TASK REQUIREMENTS: With the images excluded, set down every line of the listing below exactly.

PROVIDED DATA:
++++++++++++++++++++

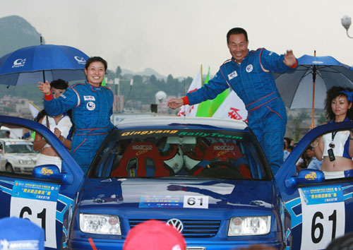 and his co-driver Hao Xiaohong stand on the awarding platform after grabbing the
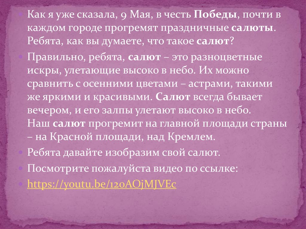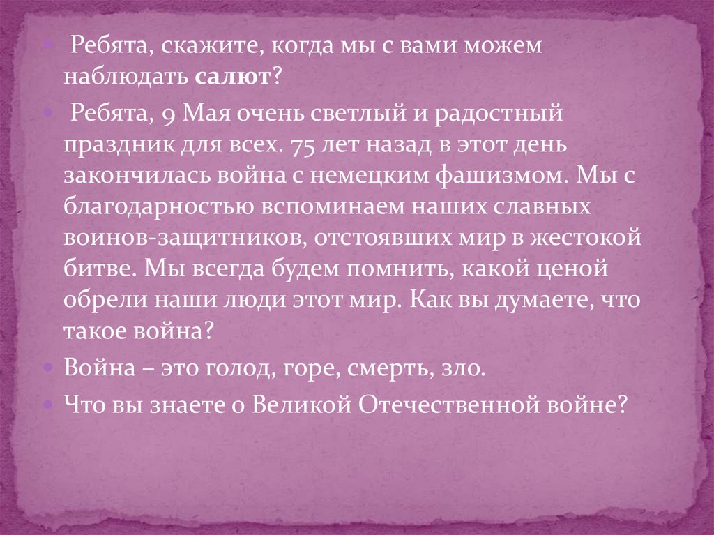 Ребята, скажите, когда мы с вами можемнаблюдать салют?
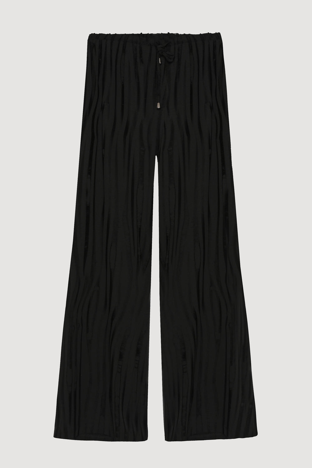 Beli Lastikli Bol Paça Dokulu Pantolon Siyah

++++++++++++++++++++

ANSWER TO THIS EXERCISE:
 and his co-driver Hao Xiaohong stand on the awarding platform after grabbing the
 Ребята, скажите, когда мы с вами можемнаблюдать салют?
 Beli Lastikli Bol Paça Dokulu Pantolon Siyah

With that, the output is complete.